The third thing: the 3-strategy evolution (fresh/deepen/refresh) is the part I did not expect to be so well-designed. Fresh is obvious. Deepen exploits what worked. Refresh is the clever one: it extracts causal mechanisms from best ideas and finds new disciplines with the same structural patterns. That is not just exploration or exploitation. It is transfer.

What the prompts look like

The prompts are the method. Here is what matters.

Domain generation (fresh strategy). The prompt tells the LLM to generate sets of structurally distant knowledge domains in strict YAML. Each domain gets an “active_principle”: a 3-6 sentence narrative. The key instruction:

Each domain has an active_principle: a 3-6 sentence narrative describing a counter-intuitive mechanism and ending with an open question bridging to the project’s world.

The prompt excludes families used in previous iterations to prevent repetition. The deepen prompt generates new specialties within families that produced loved ideas. The refresh prompt extracts causal mechanisms and finds new disciplines with the same structural patterns.

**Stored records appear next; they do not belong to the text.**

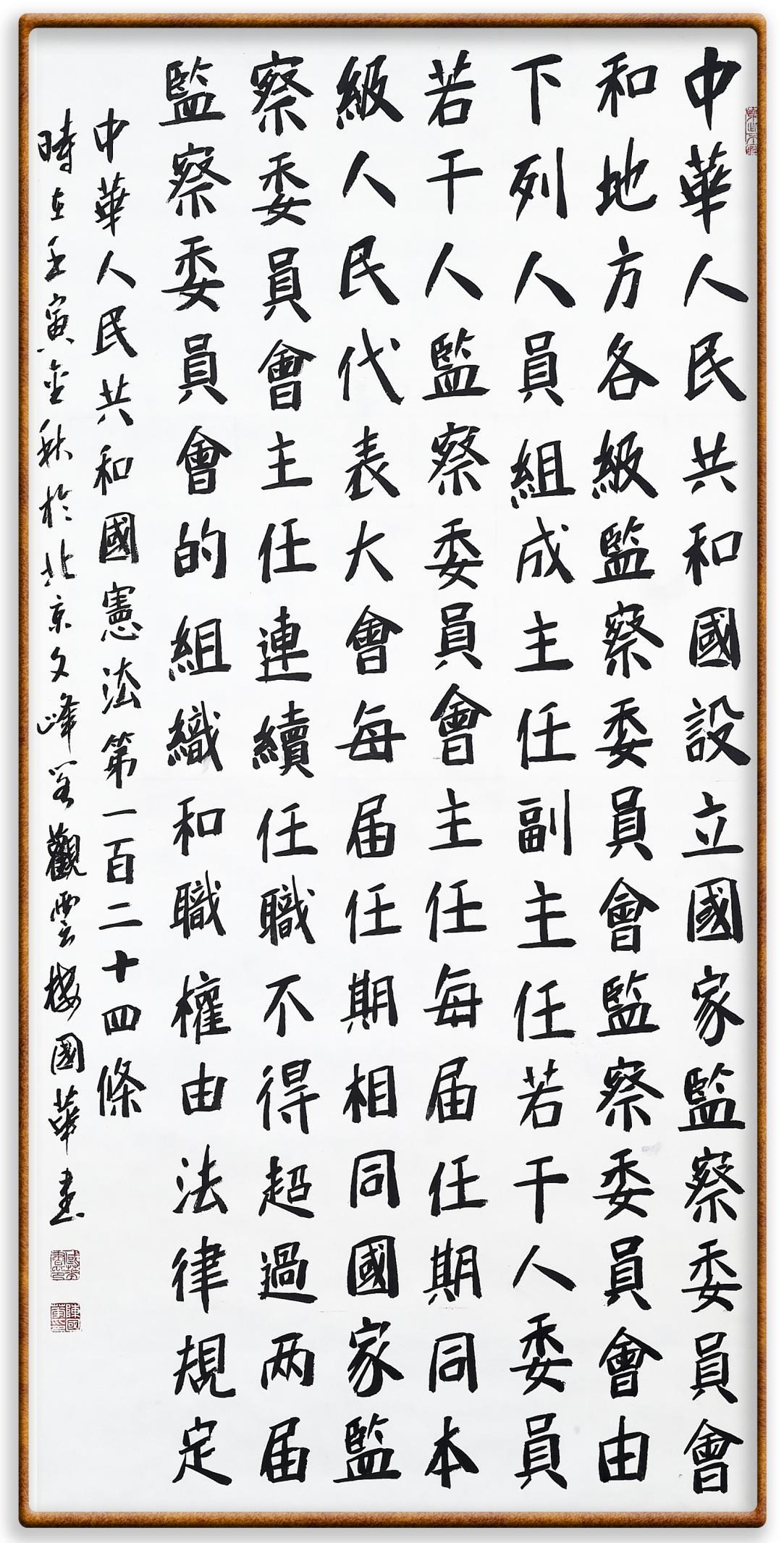 繼《中華人民共和國(guó)民法典》《中華人民共和國(guó)土地管理法》《中華人民共和國(guó)土地管理法實(shí)施條例》《中華人民共和國(guó)法律援助法》之后,法治日?qǐng)?bào)社聯(lián)合北京市司法局、北京書(shū)法家協(xié)會(huì),將筆端對(duì)準(zhǔn)《中華人民共和國(guó)憲法》和《中華人民共和國(guó)行政處罰法》。
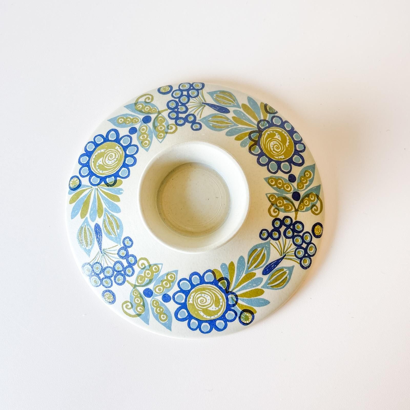 ノルウェーの陶器メーカー・FIGGJOの陶器製キャセロールです。フタにはブルーのグラデーションとグリーンで植物が描かれ、本体の鮮やかなネイビーが印象的なヴィンテージアイテムです。
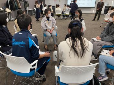グループに分かれての質問・交流の時間には、中高生から「理科は好きだけど数学や英語が苦手で理系の学部に行けるか不安。苦手な教科をどのように勉強していましたか」「理系の大学生活は文系と比べて大変ですか」「会社ではどのくらい実験をしていますか」「これからの時代に絶対に必要なスキルは何ですか」など、さまざまな質問が飛び交っていました。
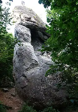 Pomiędzy skałami Ptak i Jędza znajduje się jaskinia o nazwie Awen między Babą a Ptakiem[5].
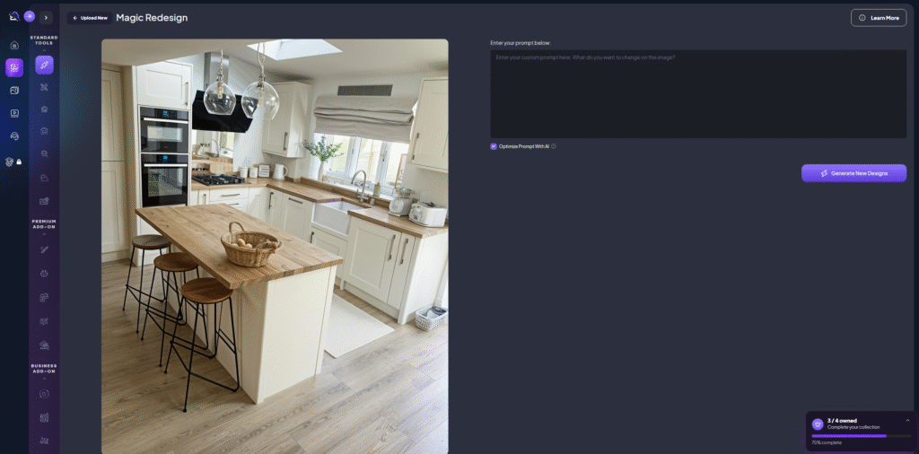 - ויזואליזציה של חללים: ניתן להעלות תמונות של החלל שברצונכם לעצב, וה-AI ינתח את התמונות וייצור הדמיות תלת מימדיות של החלל עם ריהוט, צבעים וחומרים שונים. לדוגמה ניתן לצלם את המטבח ולקבל הדמיית מטבח AI.

Idea generation. The prompt crosses a reference text with a domain list. It demands:

Each idea structurally different (different angle, not just different theme). Max 2 ideas on the same theme. Max 2 ideas using the same analogy type. No hedging, no filtering.

It also asks for axiomatic inversions: “X is good” explored as “X might be the problem.” At least 5 ideas must invert an implicit assumption.

The judge. Five axes, weighted:

Axis	Weight	Question
Structural originality	0.25	Is the underlying thesis genuinely new?
Resistance	0.20	Does it hold against the strongest objection?
Thesis density	0.20	Could it be a single testable thesis?
Concrete grounding	0.20	Could it rely on a specific fact or event?
Cognitive load	0.15	Does it force the reader to reconstruct?

Score = weighted sum. Pass threshold: 4.2/5. If fewer than 3 ideas pass, lower in 0.1 steps down to 4.0. The judge prompt includes calibration examples: high-value and low-value reference ideas that ground the scoring.

Curation kill signals. Five patterns that get flagged automatically:

Decorative analogy: domain adds color but no structural insight
Generic advice with domain garnish: remove the domain reference and the idea stays the same
Unverifiable claims: invented statistics, vague “researchers found…”
Motivational reframing: “Your failure was actually a strength”
Same insight different domain: keep only the stronger formulation

These are patterns that LLM judges miss but humans catch immediately.

When this is useful

This is not a general-purpose creativity tool. It works when:

You have a specific problem that standard thinking has not cracked.
You can articulate what a good idea looks like structurally.
You have reference material that defines one side of the collision.
You are willing to spend 3 to 5 iterations curating, not just generating.

It does not work when the problem is too broad, when you want a single-shot answer, or when the brief cannot be made specific enough to anchor the collisions.